Service-learning program gives medical students access to community-based educational experiences
The Ohio State University College of Medicine’s innovative Lead.Serve.Inspire.” (LSI) curriculum prepares medical students to become successful doctors by combining hands-on education with real-world experience. Although most of the LSI focuses on increasing medical knowledge or professional growth, the service-learning aspect of the curriculum, called the Community Health Education (CHE) program, is known for its unique impact on students. The CHE program involves a community-based project that students complete over the course of one calendar year during their time in medical school. The program simultaneously aims to enrich the students’ leadership skills and assist local community organizations to improve their mission and scope of services. Mark Troyer, MD, MPH, assistant professor of Internal Medicine at the Ohio State College of Medicine also serves as course director of the CHE. Dr. Troyer believes this mutually beneficial project allows students to give underserved populations a stronger voice and additional resources.

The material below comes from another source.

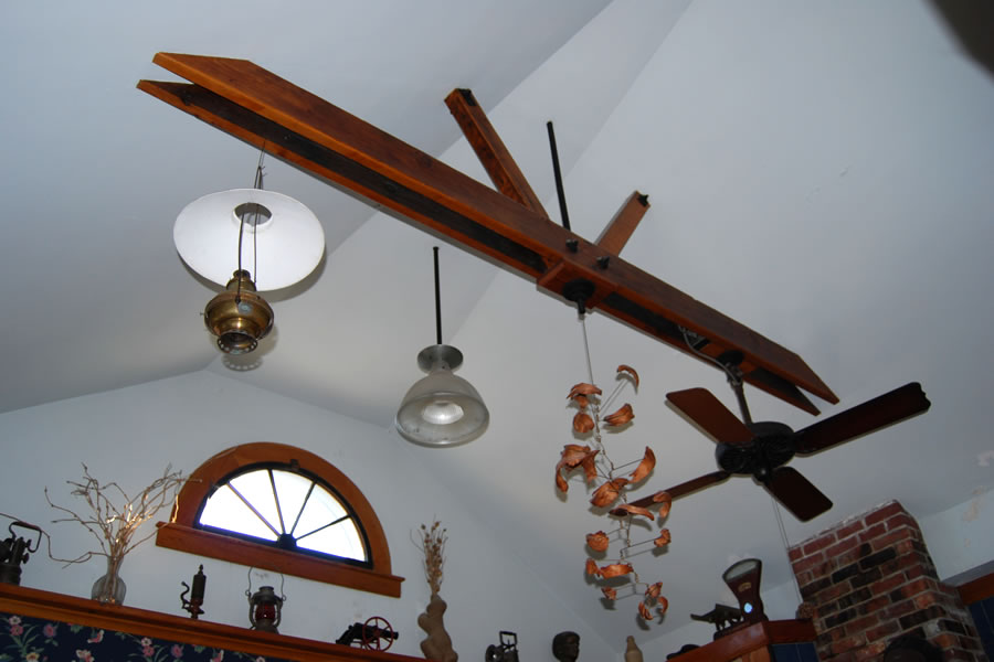 | The antique Holophane lights are two of many in the house. The rails on either side of the center are wrought iron. To the right, not seen, is an extremely heavy-duty cast iron circular stairwell that began life on the side of an huge boiler on Boston's waterfront. That stairwell leads to the ground-level studio, to another porch-like area, and to the basement below it. |

“So much of our medical education involves seeing people only as patients,” Dr. Troyer says. “And part of the value of this course is that it helps students to see people as people, and to see them in their communities, outside of our clinics.”
Participating students usually work in groups of four to ten, and these groups pair with a Columbus organization that hosts the students’ CHE project. Examples of community partners include Asian American Community Services, the Center for Family Safety and Healing and La Clínica Latina.
One CHE group, which was formed by current medical students Noah Takacs, Diego Ibarra, Farah Almhana, Elizabeth Caraballo Torrealba, Teja Mallela, Matthew Mears, Akshar Patel and Samuel Paul, collaborates with Walk with a Doc, a physician-led walking group that helps the community stay active, make connections and learn more about health and well-being. Physicians start out each walk by giving a short talk on a health-related topic, which spurs conversation throughout the walk and presents topics in a less formal way compared to an office visit.
“Our project with Walk with a Doc is focused on better understanding the population that the organization currently serves and taking a look at how we can increase the diversity of patients they help,” Caraballo Torrealba says. “While most of this work is done behind the scenes through data analysis, we'll also be volunteering with the organization to help lead some of the walking events, with the goal of helping more people get involved.”
After learning more about the demographics of their assigned community, students first complete a needs assessment at the beginning of the year to understand what kind of partnership would best support their organization. Then, with the help of community leaders, students design a project implementation plan to organize a health-promoting activity that benefits the organization. The final stage of the project involves reflections and a presentation to other groups that focuses on struggles and accomplishments of their activity.
The framework of the curriculum emphasizes collaboration and problem solving. Dr. Troyer explains that students will be working in team settings for the rest of their lives, and knowing how to work with people from diverse backgrounds can help them become better doctors.
“We want to train doctors to care for diverse communities,” Dr. Troyer says. “This opportunity delivers students into communities of diverse individuals, so that they can be comfortable and effective at taking care of them. That’s part of the value set of our college of medicine and the university itself.”
The students in the Walk with a Doc group recognize the value of the CHE program and how the meaningful experiences from this project will stay with them throughout their medical careers.
“Our project serves as a constant reminder that one of our roles as future healthcare providers is to ensure that our patients are equipped with the necessary knowledge to help them understand their medical condition and their needs to improve their mental and physical well-being,” Mallela says.